Strayer (1993) assigned 16 AZT-treated people with CD4 counts between 300 and 500 to receive intravenous infusions of ampligen (400 or 700mg twice weekly) or placebo. One ampligen recipient and 4 placebo recipients progressed to AIDS during the 48 week course of the study.

Hendrix reported that a single 200mg intravenous injection of ampligen had no immunological effects.

References

Armstrong JA et al. A phase I study of ampligen in human immunodeficiency virus-infected subjects. JID 166(4): 717-722, 1992.

Carter W et al. Clinical, immunological, and virological effects of Ampligen, a mismatched double-stranded RNA, in patients with AIDS or AIDS-related complex. Lancet i:1286-1292, 1987.

Hendrix C et al. Immunologic effect after single dose atvogen (ampligen) in healthy volunteers. Fifth International Conference AIDS, Montreal, abstract MCP 85, 1989.

Mitchell WM et al.

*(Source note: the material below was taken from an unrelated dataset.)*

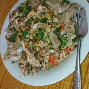 弄完之前的,鸡也蒸熟了。接下来就开始撕鸡。这里要说说撕鸡良器——叉子!!这是绝好的撕鸡武器,不烫手,不脏手,还可以随时尝下味道。刚出锅的鸡肉都可以必撕无疑。前提是,叉子的质量一定要好。撕好了鸡肉,把前面弄的配料一股脑的倒进鸡肉里,拌吧,拌吧,再加点香油(芝麻油)。饿了就开吃吧(゚∀゚)o彡゜
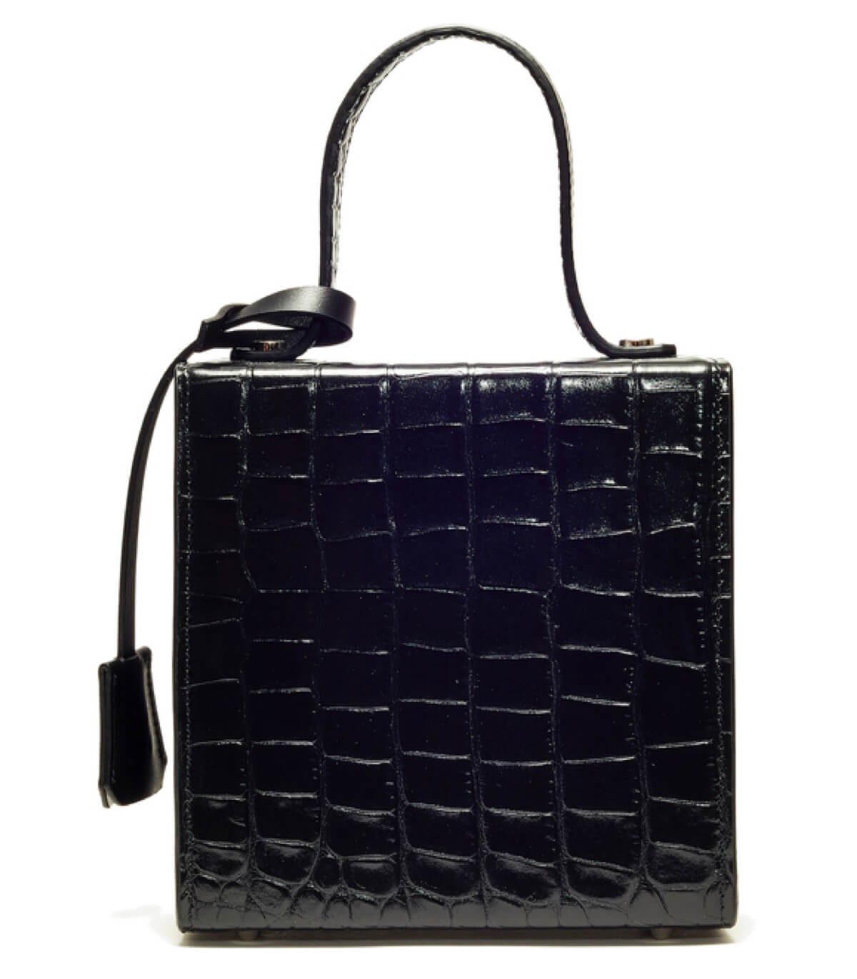 EXTÉRIEUR : 100% cuir de veau pleine fleur. Cuir de veau gaufrage manuel façon croco à l’aspect brillant et rigide. Cuir de veau Box Calf lisse et souple. Fermoir et composants métalliques de couleur argent, en laiton et zamak palladiés puis traités avec la technique de cataphorèse ce qui les rendent très résistants contre l’oxydation et l’usure dans le temps. Pour fermer le sac, maintenir le bouton mobile appuyé, pousser le rabat dans la fermeture puis relâcher. Broderie artisanale aux fils métallisés, très rigide et résistante, traitée contre les rayons UV et l’usure. Une bandoulière comprise dans le prix du sac, au choix entre la bandoulière en cuir de veau Box Calf amovible et ajustable et ses composants métalliques en laiton et zamak palladiés OU la bandoulière en cuir et sa chaine en laiton palladiée amovible et non ajustable. Possibilité de rajouter les deux, le prix change en fonction du choix. Porte clé en cuir de veau Box Calf avec logo embossé

Mismatched double-stranded RNA (ampligen) reduces concentration of zidovudine (azidothymidine) required for in vitro inhibition of human immunodeficiency virus. Lancet (8538): 890-892, 1987.

Montefiori DC et al. Antiviral activity of a mismatched double-stranded RNA (Ampligen) against human immunodeficiency virus in vitro. PNAS 84: 2985-2989, 1987.

Strayer DR et al. Improvement in T4 level and decrease in opportunistic infections and lymphomas (OI/L) in ARC/pre-ARC patients (T4=60-300) receiving ampligen compared to placebo. 6th International Conference AIDS, San Francisco, abstract SB 490, 1990.

Strayer D et al. Placebo (Pla) controlled study of ampligen (AMP) in HIV disease: inhibition of progression to category C HIV infection (AIDS). First National Conference on Human Retroviruses, Washington, abstract 117, 1993.